PROBLEM REQUIREMENTS » Return every line of the records below verbatim, with no pictures in the copy.

++++ INFORMATION SHOWN ++++

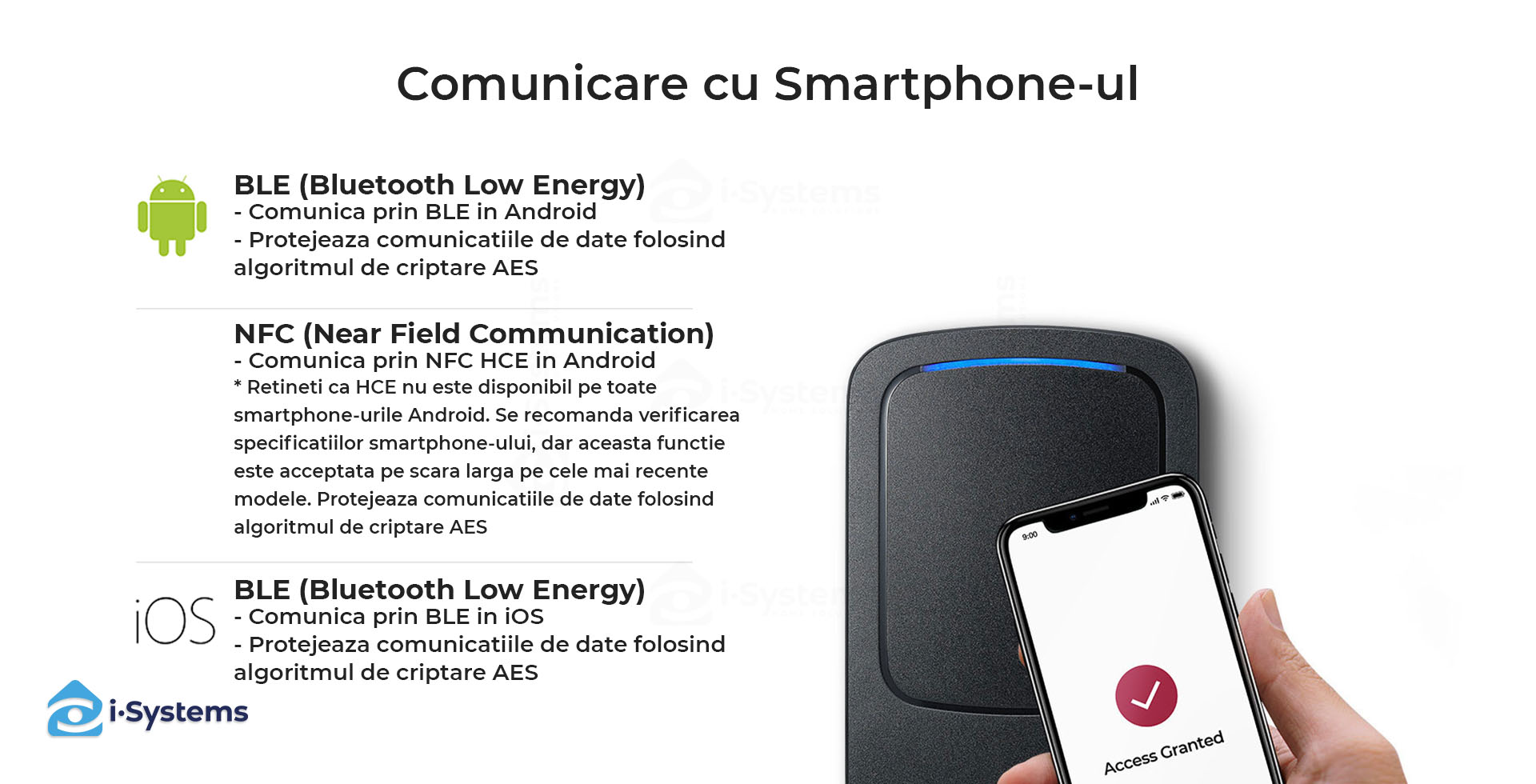 | Acces Mobil | Suport nativ NFC si Bluetooth (BLE) via Suprema Mobile Access |
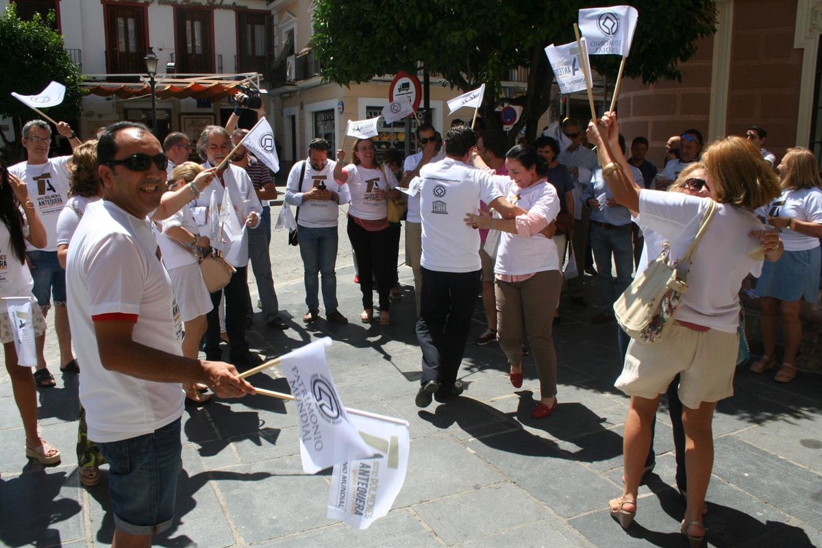 El municipio malagueño de Antequera ha celebrado la declaración de Los Dólmenes como Patrimonio Mundial de la Unesco. Aplausos, abrazos y música han protagonizado los momentos posteriores a la decisión definitiva de la organización internacional.
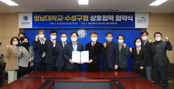 대구 수성구(김대권 구청장)는 지난 4일 영남대학교 대회의실에서 영남대학교와 사회공헌 및 봉사활동 협력을 위한 업무협약을 체결했다. 이날 협약식에는 김대권 수성구청장, 최외출 영남대학교 총장을 비롯한 양 기관 관계자 10여 명이 참석했다.
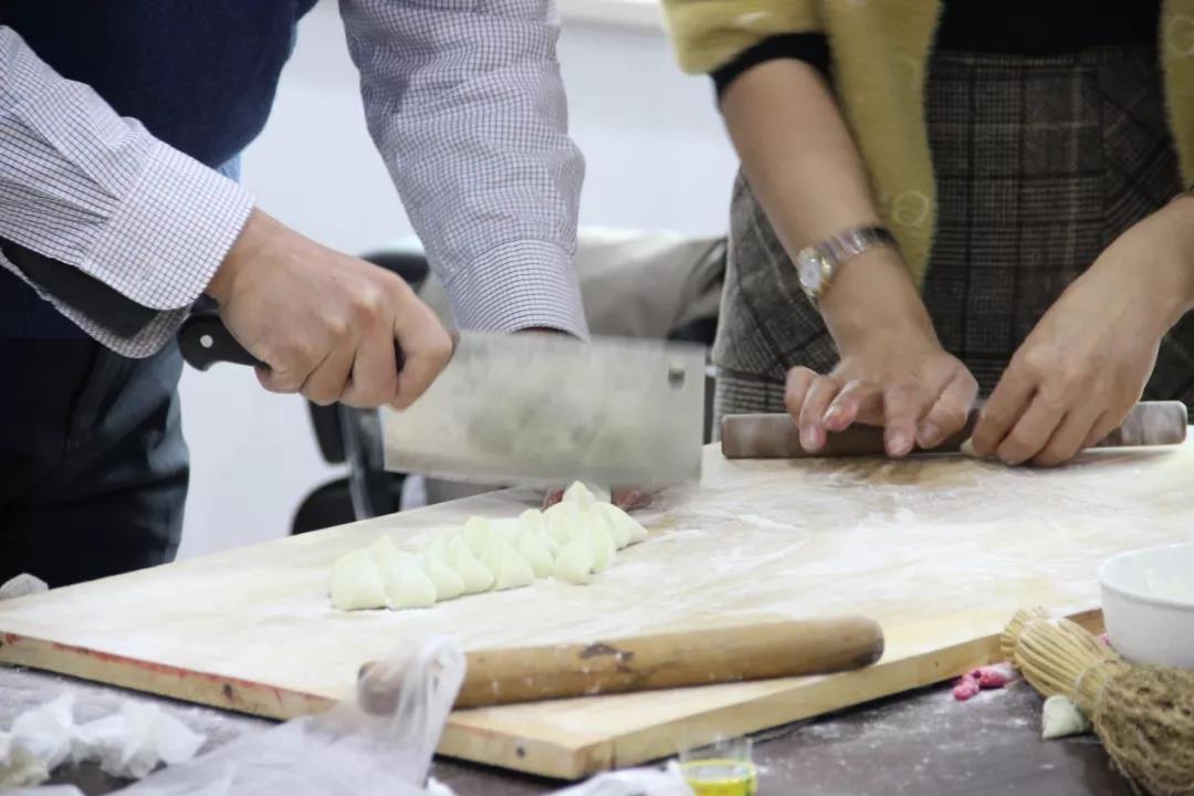 团建活动中,大家一起擀皮、和馅,忙得不亦乐乎。灵巧的双手之间,一个个饱满的水饺就已经包好啦。
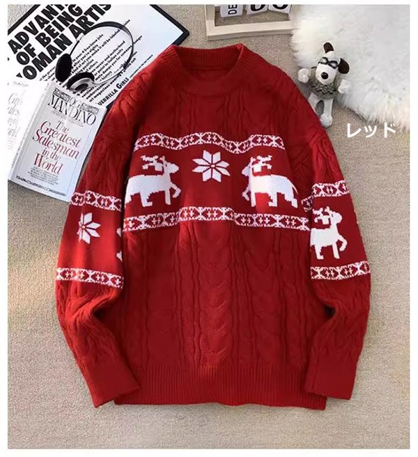 セーター ニットセーター ヘラジカ ニット 男女兼用 メンズ クリスマス Xmas Christmas 長袖 トップス オーバーセーター 柔らかい ふわふわ ゆったり 秋冬 おしゃれ カジュアル 可愛い 暖かい ペアルック黒 白 赤
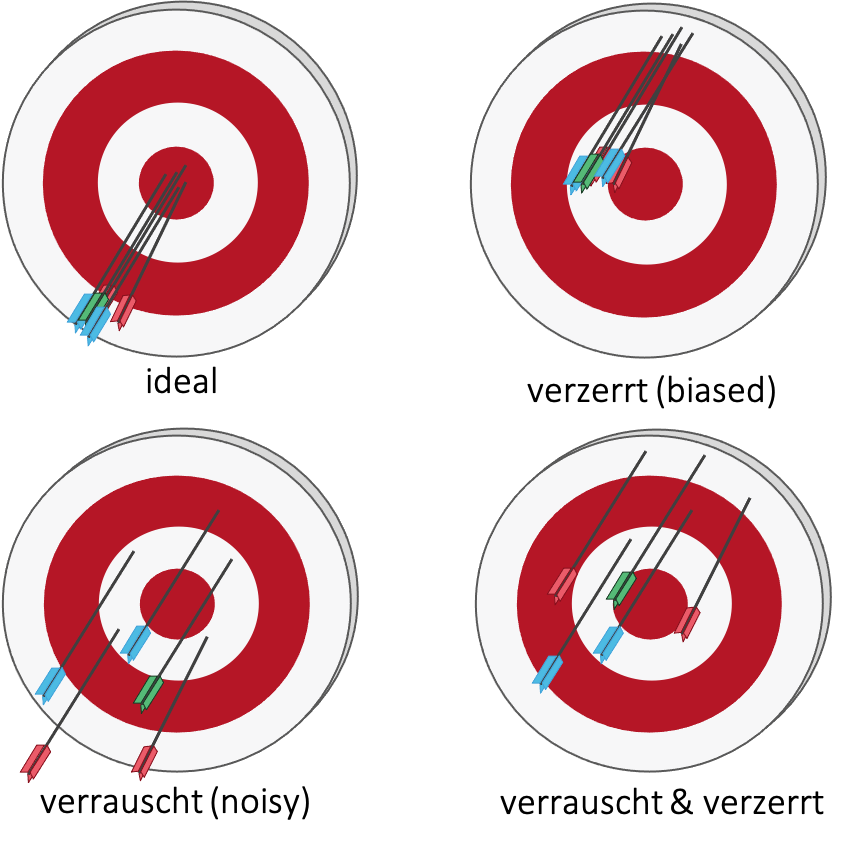 Ergebnis, wenn ein Teil der Informationen (vgl. beeinflusst durch Imperialismus und Faschismus) zu einem "falschen" Schluss führen würde. Die Beteiligten im System würden demnach alle das Ziel verfehlen, aber dennoch zu einem ähnlichen Ergebnis führen. title: Noisy and Biased (Grafik unten rechts)
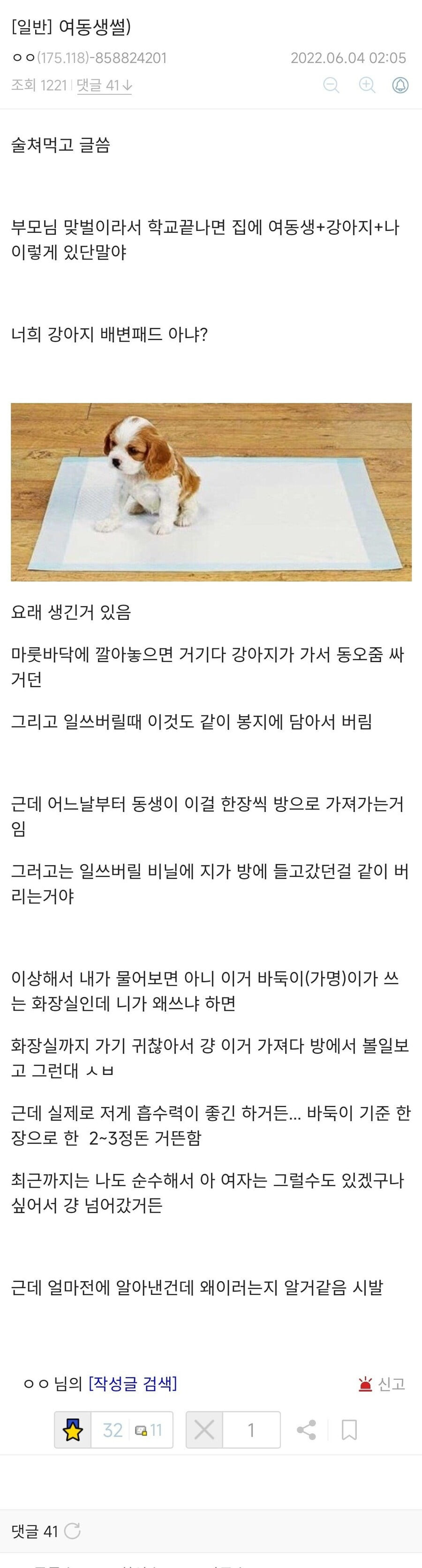 강아지 배변패드 쓰는 여동생썰 아기물티슈 0 195 0 2시간전 link URL 복사: https://joy.humorpick.com/bbs/board.php?bo_table=ssul&wr_id=1604 여동생의 해피타임 0
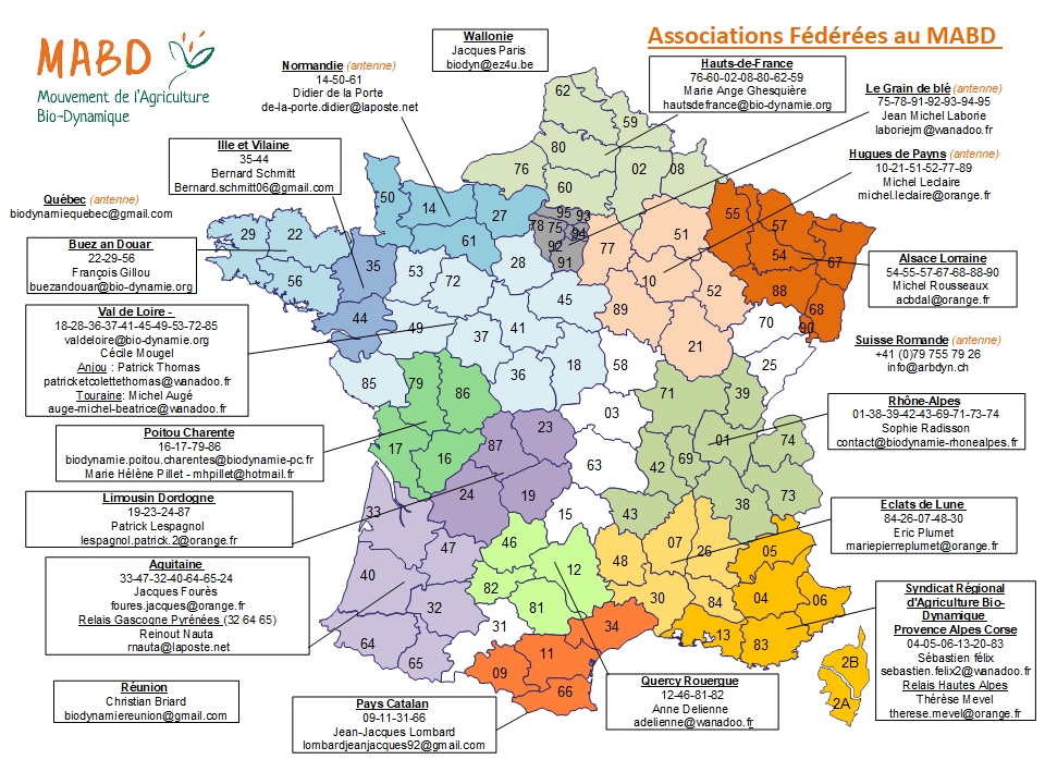 Vous trouverez ci-dessous la liste et la carte des associations régionales en biodynamie fédérées au MABD, antennes et des relais proches de chez vous.
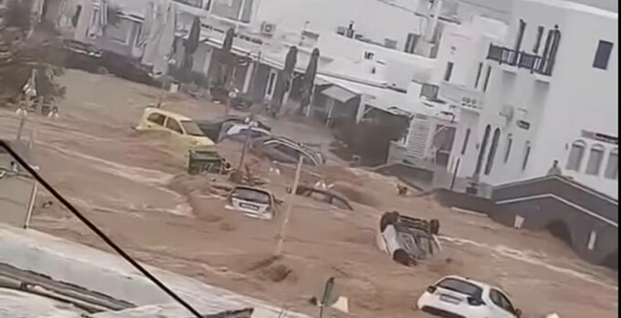 Pe insula vecină Mykonos, unde inundațiile au fost mai puțin intense, autoritățile au folosit excavatoare pentru a degaja drumurile, permițând apei să curgă pe lângă restaurantele și cafenelele de pe malul mării.
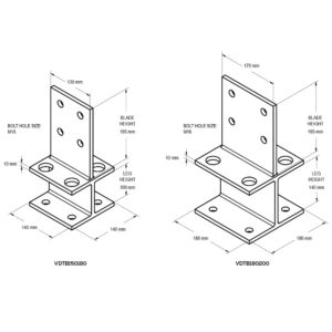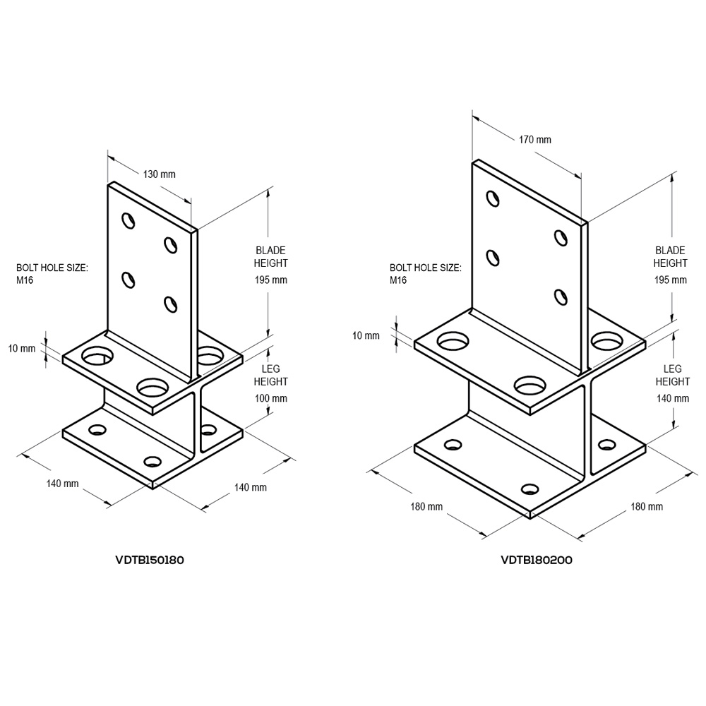 | VDTB150180 | 140mm x 140mm Base - 195mm Blade - 100mm Leg | 10.0mm | M16 | 1 |
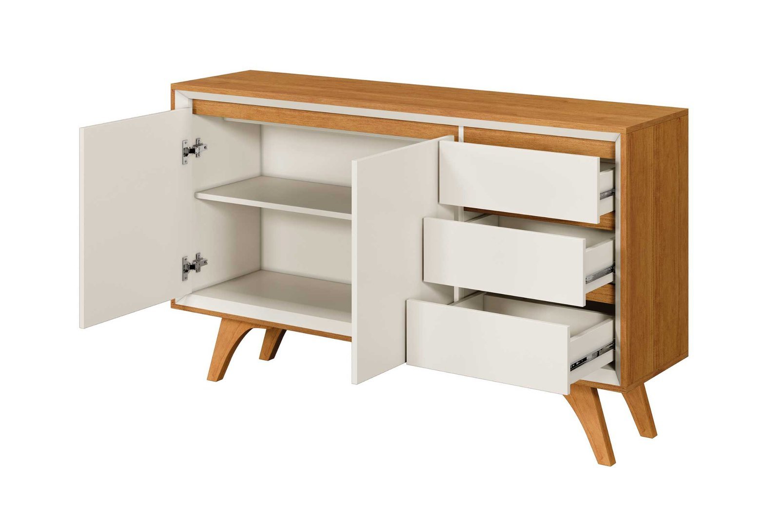 Transforme sua casa em um ambiente ainda mais aconchegante com o Buffet com 2 portas e 3 gavetas. Com dobradiça Slow Motion, pés em madeira maciça com regulagem de altura e puxadores cava, este móvel é a escolha perfeita para quem busca funcionalidade, praticidade e estilo na decoração.
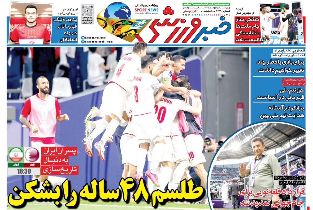 روزنامههای ورزشی چهارشنبه ۱۸ بهمن ۱۴۰۲

++++

SOLUTION TO THE PROBLEM »
 | Acces Mobil | Suport nativ NFC si Bluetooth (BLE) via Suprema Mobile Access |
 El municipio malagueño de Antequera ha celebrado la declaración de Los Dólmenes como Patrimonio Mundial de la Unesco. Aplausos, abrazos y música han protagonizado los momentos posteriores a la decisión definitiva de la organización internacional.
 대구 수성구(김대권 구청장)는 지난 4일 영남대학교 대회의실에서 영남대학교와 사회공헌 및 봉사활동 협력을 위한 업무협약을 체결했다. 이날 협약식에는 김대권 수성구청장, 최외출 영남대학교 총장을 비롯한 양 기관 관계자 10여 명이 참석했다.
 团建活动中,大家一起擀皮、和馅,忙得不亦乐乎。灵巧的双手之间,一个个饱满的水饺就已经包好啦。
 セーター ニットセーター ヘラジカ ニット 男女兼用 メンズ クリスマス Xmas Christmas 長袖 トップス オーバーセーター 柔らかい ふわふわ ゆったり 秋冬 おしゃれ カジュアル 可愛い 暖かい ペアルック黒 白 赤
 Ergebnis, wenn ein Teil der Informationen (vgl. beeinflusst durch Imperialismus und Faschismus) zu einem "falschen" Schluss führen würde. Die Beteiligten im System würden demnach alle das Ziel verfehlen, aber dennoch zu einem ähnlichen Ergebnis führen. title: Noisy and Biased (Grafik unten rechts)
 강아지 배변패드 쓰는 여동생썰 아기물티슈 0 195 0 2시간전 link URL 복사: https://joy.humorpick.com/bbs/board.php?bo_table=ssul&wr_id=1604 여동생의 해피타임 0
 Vous trouverez ci-dessous la liste et la carte des associations régionales en biodynamie fédérées au MABD, antennes et des relais proches de chez vous.
 Pe insula vecină Mykonos, unde inundațiile au fost mai puțin intense, autoritățile au folosit excavatoare pentru a degaja drumurile, permițând apei să curgă pe lângă restaurantele și cafenelele de pe malul mării.
 | VDTB150180 | 140mm x 140mm Base - 195mm Blade - 100mm Leg | 10.0mm | M16 | 1 |
 Transforme sua casa em um ambiente ainda mais aconchegante com o Buffet com 2 portas e 3 gavetas. Com dobradiça Slow Motion, pés em madeira maciça com regulagem de altura e puxadores cava, este móvel é a escolha perfeita para quem busca funcionalidade, praticidade e estilo na decoração.
 روزنامههای ورزشی چهارشنبه ۱۸ بهمن ۱۴۰۲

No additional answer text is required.